Letzte Woche veröffentlichte Jans in der NZZ ein Plädoyer für ein institutionelles Abkommen mit der EU, das er mit dem in Bern durchaus umstrittenen Begriff «Bilaterale III» bezeichnete. Es schaffe Rechtssicherheit und schwäche die Souveränität der Schweiz nicht, sondern stärke sie: «Denn niemand profitiert mehr vom EU-Binnenmarkt als die Schweiz.»
Beat Jans lehnt sich dabei ziemlich weit aus dem Fenster, wenn er schreibt: «Der Bundesrat strebt bis Ende Jahr eine Einigung mit der EU an. Er ist überzeugt, dass dies im Interesse der Schweiz ist.» An sich entspricht das der offiziellen Linie der Landesregierung, doch die Offensive des Justizministers im heiklen Dossier sorgte prompt für eine Gegenreaktion.
Besonders angesäuert zeigte sich Alt-Bundesrat Ueli Maurer (SVP). Er warf Jans ebenfalls in der NZZ «schon fast eine bösartige Verzerrung der Fakten» vor.
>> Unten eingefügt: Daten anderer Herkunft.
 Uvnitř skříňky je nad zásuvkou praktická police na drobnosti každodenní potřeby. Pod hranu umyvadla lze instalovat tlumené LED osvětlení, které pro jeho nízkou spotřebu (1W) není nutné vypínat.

Der Paradigmenwechsel im Bundesrat sei «nicht nur unverständlich, er gefährdet auch die Unabhängigkeit der Schweiz». Das überrascht nicht: Maurer spielt seit seinem Rücktritt gerne den Querschläger.
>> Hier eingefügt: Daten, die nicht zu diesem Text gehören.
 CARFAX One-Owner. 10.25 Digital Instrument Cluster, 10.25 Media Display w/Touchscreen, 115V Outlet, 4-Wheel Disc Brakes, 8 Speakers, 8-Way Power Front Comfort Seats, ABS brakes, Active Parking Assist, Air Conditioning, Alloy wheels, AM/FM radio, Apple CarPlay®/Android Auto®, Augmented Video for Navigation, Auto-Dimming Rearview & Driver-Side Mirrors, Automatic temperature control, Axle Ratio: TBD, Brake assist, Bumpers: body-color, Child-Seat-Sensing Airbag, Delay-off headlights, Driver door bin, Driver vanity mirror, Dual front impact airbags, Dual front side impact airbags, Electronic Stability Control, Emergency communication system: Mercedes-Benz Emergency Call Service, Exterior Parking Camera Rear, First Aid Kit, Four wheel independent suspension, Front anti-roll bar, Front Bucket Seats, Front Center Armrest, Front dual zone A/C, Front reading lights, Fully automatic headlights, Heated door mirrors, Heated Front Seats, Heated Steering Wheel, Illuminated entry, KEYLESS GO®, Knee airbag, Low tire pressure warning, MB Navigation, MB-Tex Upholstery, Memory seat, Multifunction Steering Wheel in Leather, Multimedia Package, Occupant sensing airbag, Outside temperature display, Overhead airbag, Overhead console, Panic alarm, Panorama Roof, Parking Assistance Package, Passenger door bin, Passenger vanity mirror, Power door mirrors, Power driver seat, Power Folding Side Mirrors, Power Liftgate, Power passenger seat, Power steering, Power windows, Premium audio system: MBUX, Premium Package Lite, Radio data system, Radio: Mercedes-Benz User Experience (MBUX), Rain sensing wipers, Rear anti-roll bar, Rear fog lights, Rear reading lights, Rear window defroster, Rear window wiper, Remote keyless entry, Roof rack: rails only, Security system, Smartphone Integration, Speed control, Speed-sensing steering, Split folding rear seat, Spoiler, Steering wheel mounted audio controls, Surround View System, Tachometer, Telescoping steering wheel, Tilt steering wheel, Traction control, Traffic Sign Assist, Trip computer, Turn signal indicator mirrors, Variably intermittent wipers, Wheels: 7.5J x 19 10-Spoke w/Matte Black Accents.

Allerdings handelte es sich bei Jans’ Gastbeitrag nicht um einen Sololauf des als europhil bekannten Baslers. Er war mit dem Aussendepartement von Ignazio Cassis (FDP) abgesprochen, bestätigte ein Jans-Sprecher der «Sonntagszeitung». Bundespräsidentin Viola Amherd (Mitte), die als proeuropäisch gilt, dürfte ebenfalls Bescheid gewusst haben.
Handelt es sich bei diesem Böller eher um einen Versuchsballon? Die Reaktionen aus der Politik blieben überschaubar. Mitte-Präsident Gerhard Pfister gelang es, in einem Post auf X gleichzeitig Jans und Maurer zu kritisieren. Heftigen Widerspruch gab es einzig von notorischen EU-Gegnern wie der Zuger Milliardärstruppe Kompass/Europa.
A productive call with Minister @ignaziocassis. Glad to note significant progress of 🇪🇺🇨🇭talks, notably on institutional issues, state aid and towards a transitional arrangement for 2025 @HorizonEU calls. Important to keep the momentum in the area of the free movement of persons. pic.twitter.com/oZQHoExXvc
— Maroš Šefčovič🇪🇺 (@MarosSefcovic) July 4, 2024
Das erstaunt nicht. Noch weiss niemand, was bei dem im März lancierten Neustart der Verhandlungen resultieren wird. Durchbruch oder Scheitern? Alles scheint möglich. Die EU möchte einen Deal bis Jahresende, doch ein für den 20. Juni geplanter Besuch des zuständigen EU-Kommissionsvizes Maroš Šefčovič in Bern wurde kurzfristig abgesagt.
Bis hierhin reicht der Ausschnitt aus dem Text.